I tried to run this as well and played around with the parameters.
Some remarks:

  • you carried around some extra dimensions that might be unnecessary (see code below)
  • it might be that your data generation (reg\cdot X) did not match the model (X\cdot reg), but could be that that is just transposed.
  • also, there were some hard coded standard deviations, I tried to simplify to match simulation and model.
  • in addition to @junpenglao’s comment on standard deviations, maybe the chain failure comes from the fact that your simulated (observed) ys are not really normally distributed (this gives the mentioned tail areas where sampling might be stuck).

Hope this helps!

Falk

import numpy as np
import theano as tt
import pymc3 as pm
import matplotlib.pyplot as plt
import sys

n = 2
num_regressors = n ** 2
num_data_samples = 1000

# hyperprior
d0_mean_mu = 0.2
d0_mean_sd = 1.

d1_mean_mu = -0.3
d1_mean_sd = 1.

# sample true regressor vector
true_bii_mean = d0_mean_mu#np.random.normal(d0_mean_mu, 0.1)
true_bij_mean = d1_mean_mu#np.random.normal(d1_mean_mu, 0.1)

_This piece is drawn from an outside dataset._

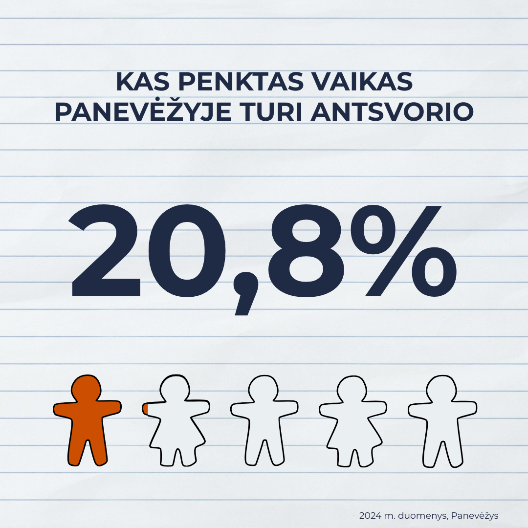 Remiantis Higienos instituto turima oficialia šalies statistika, Panevėžyje 2024 m. berniukų antsvorio paplitimas 11–17 m. amžiaus grupėje buvo 2,2 proc. didesnis, o mergaičių nutukimo paplitimas 7–10 m. amžiaus grupėje — 1,4 proc. didesnis. Lyginant su kitais didžiaisiais Lietuvos miestais, Panevėžyje nustatyti aukščiausi vaikų antsvorio rodikliai, tačiau nutukimo paplitimas buvo mažesnis — didžiausias nutukimo rodiklis fiksuotas Šiaulių mieste.

true_bii = np.random.normal(true_bii_mean, d0_mean_sd, size=n)
true_bij = np.random.normal(true_bij_mean, d1_mean_sd, size=num_regressors - n)

# generate data
X = np.random.randint(2, size=[num_data_samples, num_regressors])

diag_idxs = np.diag_indices(n)
off_diag_idxs = np.where(~np.eye(n,dtype=bool))


regress = np.zeros((n, n))
regress[diag_idxs] = true_bii
regress[off_diag_idxs] = true_bij

# y = np.zeros((num_data_samples,))

y = X.dot(regress.reshape(-1,))
# for k in range(num_data_samples):
#     y[k] = np.dot(regress.reshape(-1,), X[k, :])
plt.hist(y)
plt.show()

# update weights
with pm.Model() as hierarchical_model:
    # hyperpriors for group nodes
    mu_theta_s = pm.Normal('mu_theta_s', mu=d0_mean_mu, sd=1)
    mu_phi_m = pm.Normal('mu_phi_m', mu=d1_mean_mu, sd=1)

    # distributions for diagonal weights (b_ii) and off-diagonal weights (b_ij)
    b_ii = pm.Normal('b_ii', mu=mu_theta_s, sd=d0_mean_sd, shape=(n))
    b_ij = pm.Normal('b_ij', mu=mu_phi_m, sd=d1_mean_sd, shape=(num_regressors - n))

    # model error
    eps = pm.HalfNormal('eps', 1)

    # reward estimate
    reg = tt.tensor.zeros((n, n))
    reg = tt.tensor.inc_subtensor(reg[diag_idxs], b_ii)
    reg = tt.tensor.inc_subtensor(reg[off_diag_idxs], b_ij)
    
    reward_est = pm.math.dot(X, tt.tensor.reshape(reg, (num_regressors, 1)))

    # data likelihood
    reward_like = pm.Normal('reward_like', mu=reward_est, sd=eps, observed=y)

with hierarchical_model:
    trace = pm.sample()

pm.traceplot(trace)
plt.show()

#17

@falk

This was very useful! I will have to think more about the points that you have made (e.g. about y not being normally distributed).

At the moment, this is sort of a toy model wrt to what I would actually like to do (in reality, X should not be arbitrary binary data), so I’m curious how well it will translate. Nevertheless, thanks for your and @junpenglao help over these posts!